After leaving the studio system, Arzner made Army training films and taught at UCLA, plus she shot those Pepsi commercials. In 1936, she became the very first woman to join The Directors Guild Of America. The Guild finally got around to honoring her contribution in 1975 with their Legend Award, four years before her passing. She left this world with no Oscars, honorary or otherwise, and aside from that DGA reward, after a prolific career that spanned from 1922 to 1943, she only has a star on the Hollywood Walk Of Fame.

There is some promise and progress for women directors. Currently there are 245 films by women streaming on Netflix.  In 2016, there were 49 films directed by females according the DGA, not all of them found distribution. Only one film of the top 25, Kung Fu Panda 3, was directed by a woman, Jennifer Yuh Nelson, and she gets to share the credit with a dude, Alessandro Carloni.

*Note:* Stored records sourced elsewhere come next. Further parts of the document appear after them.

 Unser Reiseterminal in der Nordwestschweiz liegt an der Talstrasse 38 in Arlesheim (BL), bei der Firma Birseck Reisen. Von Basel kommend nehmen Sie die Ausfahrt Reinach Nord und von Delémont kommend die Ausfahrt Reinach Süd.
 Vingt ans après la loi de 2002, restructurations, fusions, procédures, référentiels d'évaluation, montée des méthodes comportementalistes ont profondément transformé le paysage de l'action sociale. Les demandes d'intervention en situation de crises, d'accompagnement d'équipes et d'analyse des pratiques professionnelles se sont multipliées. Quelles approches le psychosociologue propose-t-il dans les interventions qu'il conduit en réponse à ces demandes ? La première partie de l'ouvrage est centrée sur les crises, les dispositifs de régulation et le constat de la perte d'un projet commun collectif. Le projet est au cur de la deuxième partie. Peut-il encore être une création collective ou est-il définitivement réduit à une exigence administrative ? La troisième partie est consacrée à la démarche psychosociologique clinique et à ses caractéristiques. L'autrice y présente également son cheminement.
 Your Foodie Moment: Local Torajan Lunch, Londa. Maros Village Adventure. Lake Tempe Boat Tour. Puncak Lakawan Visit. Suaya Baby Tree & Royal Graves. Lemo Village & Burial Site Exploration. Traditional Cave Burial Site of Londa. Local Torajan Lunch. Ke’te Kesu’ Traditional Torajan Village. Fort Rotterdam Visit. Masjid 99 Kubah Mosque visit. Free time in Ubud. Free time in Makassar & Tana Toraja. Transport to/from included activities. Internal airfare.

In 2017 and 2018, there are only 24 films directed by women, despite the attention paid to Hollywood’s gender inequality issues. Granted, Warner Bros. had Patty Jenkins’ blockbuster Wonder Woman, but the studio has nothing on the docket for 2018 that is to be directed by a woman. In 2017, only two of the Top 50 money makers were directed by women, Wonder Woman and Trish Sie’s Pitch Perfect 3.

Disney had zero films directed by women in 2017, although their 2018 lineup includes Ava DuVernay’s A Wrinkle In Time, the first $100 million live-action feature to be directed by a female director of color.

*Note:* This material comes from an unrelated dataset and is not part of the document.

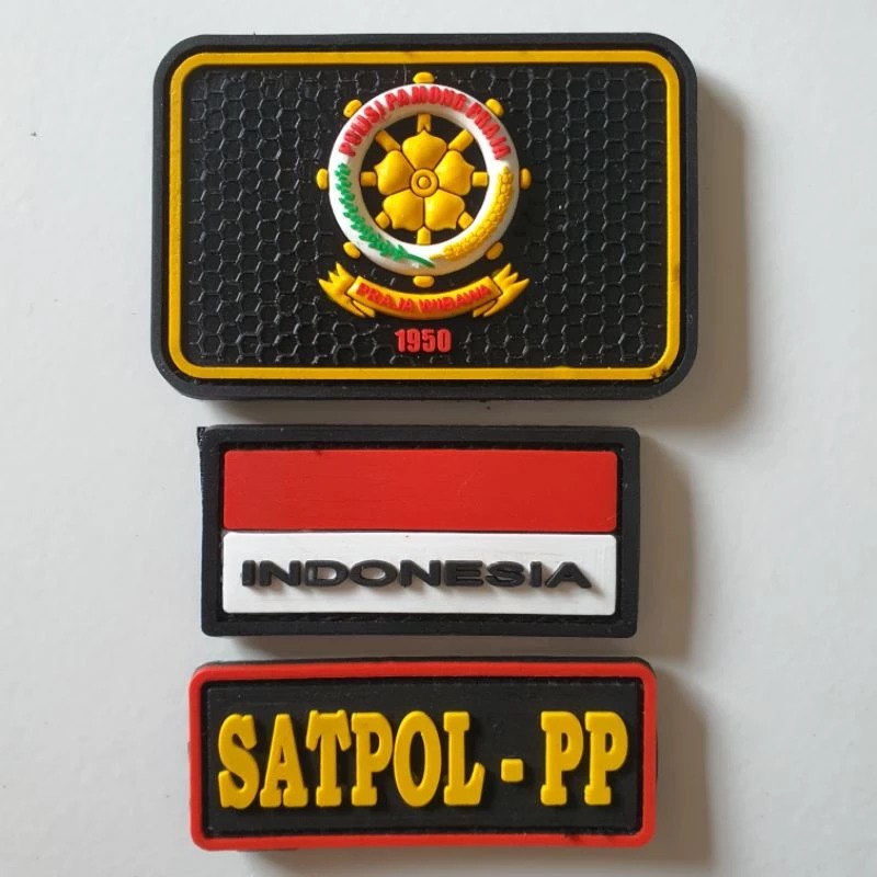 Patch Rubber Satu Set Logo POL PP 3D + Tulisan Satpol PP + Bendera Kecil Indonesia/3Tempelan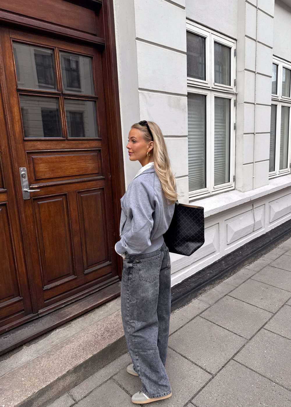 Aya Shadow Jeans is geïnspireerd op de stijl van de jaren 90 met een losse, rechte pasvorm. De broek heeft een hoge taille en is uitgevoerd in een zwarte en grijze acid wash.

They might not have been huge at the box-office, but some of the year’s best reviewed films were directed by females: The Beguiled directed by Sofia Coppola, Dee Rees’ Mudbound, Angelia Jolie’s First They Killed My Father, Faces Places directed by 89-year-old Agnes Varda, and one of the most honored films of the year Lady Bird from Greta Gerwig.  I would also mention Battle Of The Sexes directed by Valerie Faris and Jonathan Dayton, and the fascinating Wonder Woman backstory Professor Marston & the Wonder Women directed by Angela Robinson.

Women directed just 4% of the top money-making films in the 21st century. Of the 700 top-grossing films in history, women make up 13% of the directors. In 89 years of the Academy Awards, only four female directors have even been nominated for Oscars: Lina Wertmüller for Seven Beauties (1976), Jane Campion for The Piano (1993), Sofia Coppola for Lost In Translation (2003), and Kathryn Bigelow for The Hurt Locker (2009). Only Bigelow has taken home the statue, making the ratio of female to male winners 1 to 89.

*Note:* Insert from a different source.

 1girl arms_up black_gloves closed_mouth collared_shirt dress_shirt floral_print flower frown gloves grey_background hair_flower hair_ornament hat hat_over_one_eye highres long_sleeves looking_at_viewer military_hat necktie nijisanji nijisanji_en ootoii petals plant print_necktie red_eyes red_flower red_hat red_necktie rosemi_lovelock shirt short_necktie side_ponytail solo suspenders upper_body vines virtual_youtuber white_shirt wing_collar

Lesbians making feature films is a very small list indeed. There is Phyllida Lloyd, Dee Rees, and Jodie Foster, and I particularly admire Kimberly Peirce who directed Boys Don’t Cry (1999), and Lisa Cholodenko who directed the terrific Oscar nominated The Kids Are All Right (2010). My gaydar goes off for Ava DuVernay, director of the landmark, Selma (2014) and 13 (2015)  but she keeps her private life private, although I know she vacations with Oprah and Gayle.

As Katharine Hepburn put it to Arzner in a telegram when she was at last honored by the DGA in 1975:

‘Isn’t it wonderful that you’ve had such a great career, when you had no right to have a career at all?”